From: Martin Pieuchot <mpi@openbsd.org>
Subject: Re: Don't unlock vnode(9) in fifo_read() and fifo_write()
To: Vitaliy Makkoveev <mvs@openbsd.org>, tech@openbsd.org
Date: Thu, 18 Apr 2024 13:07:12 +0200

On 18/04/24(Thu) 11:52, Claudio Jeker wrote:
> On Thu, Apr 18, 2024 at 11:42:09AM +0200, Martin Pieuchot wrote:
> > On 17/04/24(Wed) 18:33, Vitaliy Makkoveev wrote:
> > > On Tue, Apr 16, 2024 at 04:30:08PM +0200, Claudio Jeker wrote:
> > > > On Tue, Apr 16, 2024 at 04:15:05PM +0300, Vitaliy Makkoveev wrote:
> > > > > I suspect syzkaller reported panics [1] and [2] happened because sockets
> > > > > were closed due vnode(9) lock release.
> > 
> > How did you come to this conclusion?
> > 
> > The bug is a NULL dereference:
> > 
> > uvm_fault(0xfffffd806d2c9780, 0x8, 0, 1) -> e
> > kernel: page fault trap, code=0
> > Stopped at      fifo_write+0x4e:        movq    0x8(%rax),%r12
> > 
> > I don't have the same assembly here, but the offset 0x8 seems to correspond
> > the `a_uio' field.   So the argument passed to fifo_write() is NULL.
> > 
> > How can it be NULL?
> 
> As I mentioned I think the problem is that the vnode got recycled and UFS is
> using a now bad vnode for a totally different operation.
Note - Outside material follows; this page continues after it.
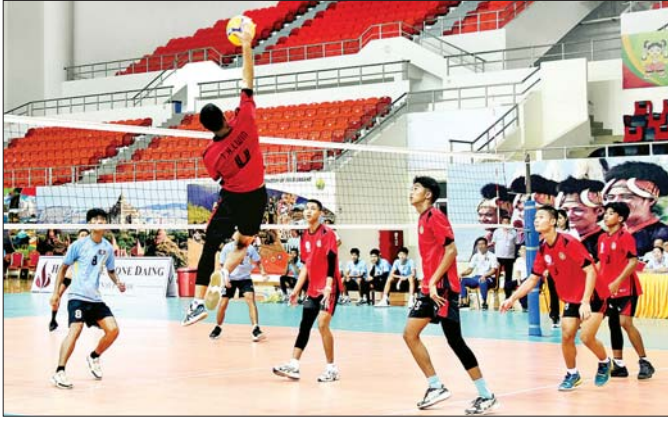
၂၀၂၄ ခုနှစ် ပဉ္စမအကြိမ် အမျိုးသားအားကစားပွဲတော် အားကစားပြိုင်ပွဲ ပြည်နယ်နှင့် တိုင်းဒေသကြီးအသက်(၂၀) နှစ်အောက် ဘော်လီဘောပြိုင်ပွဲ အမျိုးသားဘော်လီဘောပြိုင်ပွဲတွင် ပဲခူးတိုင်းဒေသကြီးအသင်းနှင့် ချင်းပြည်နယ်အသင်းတို့ ယှဉ်ပြိုင်ကစားစဉ်။

မည်သည့်အားကစားနည်းမဆို ကိုယ်တွင်းမှ ထွက်ရှိလာသည့် endorphin ဖော်မုန်းတစ်မျိုးကြောင့် အားကစားသမားများမှာ စိုးရိမ်သောကစိတ်ဓာတ်ကျဝေဒနာများ လျော့ပါးသွားသည့်အတွက် အားကစားကို ကျန်းမာရေးကုထုံးတစ်ခုအသွင် အသုံးပြုသည်ဟု နားလည်လာသည်။ မကြာမီကျင်းပတော့မည့် အမျိုးသားအားကစားပြိုင်ပွဲကြီးကို ဝန်ကြီးဌာနအဆင့် ပြည်နယ်၊ တိုင်းဒေသကြီးအဆင့် နှစ်ဆင့်ကျင်းပမည်ဖြစ်ရာ ဝန်ကြီးဌာနအဆင့်တွင် ပြေးခုန်ပစ်၊ ဘောလုံး၊ ဖူဆယ်ဂေါက်သီး၊ ပိုက်ကျော်ခြင်းနှင့် ဘော်လီဘောကစားနည်း ၆ မျိုး၊ ပြည်နယ်၊ တိုင်းဒေသကြီးအဆင့်တွင် ၎င်း ၆ မျိုးအပါအဝင် ဘတ်စကက်ဘော၊ ကြက်တောင်၊ ဘီလီယက်၊ စနူကာ၊ လက်စွဲ၊ ကာယဗလ၊ ခရစ်ကက်၊ ဂျူဒို၊ ကရာတေး၊ ရေကူး၊ စားပွဲတင်တင်းနစ်၊ တိုက်ကွမ်းခွံ၊ တင်းနစ်၊ ရိုးရာခြင်းလုံးမြန်မာ့သိုင်း၊ ပိုစီနစ်၊ အလေးမနှင့် ဂျူဂိုကစားနည်းပေါင်း ၂၃ မျိုး ပါဝင်မည်ဖြစ်ပါသည်။ အထက်ပါအားကစားနည်းအားလုံးသည် ကစားနည်းတစ်မျိုးချင်းအလိုက် ရုပ်ပိုင်း စိတ်ပိုင်းနှစ်ခုလုံး ကျန်းမာကြံ့ခိုင်သန်စွမ်းမှုများစွာကိုပေးသော အားကစားနည်းများဖြစ်ကြသည်။ သို့ဖြစ်၍ ကစားနည်းအလိုက် အကျိုးကျေးဇူးများ မည်သို့ရရှိကြမည်သို့အကျိုးဖြစ်ထွန်းကြောင်း အားကစားတစ်ခုချင်း၏ အနှစ်သာရများကို ဤနေရာကနေ ရေးသားဖော်ပြလိုပါသည်။

This is why nothing
> makes sense.

How can it be recycled in the middle of ufs_synlink()?  The vnode should
have a valid reference since vput() is called after vn_rdwr().  So
unlocking the vnode shouldn't be a problem there.  I don't understand
what's happening here.  Somebody wants to look at the reproducer?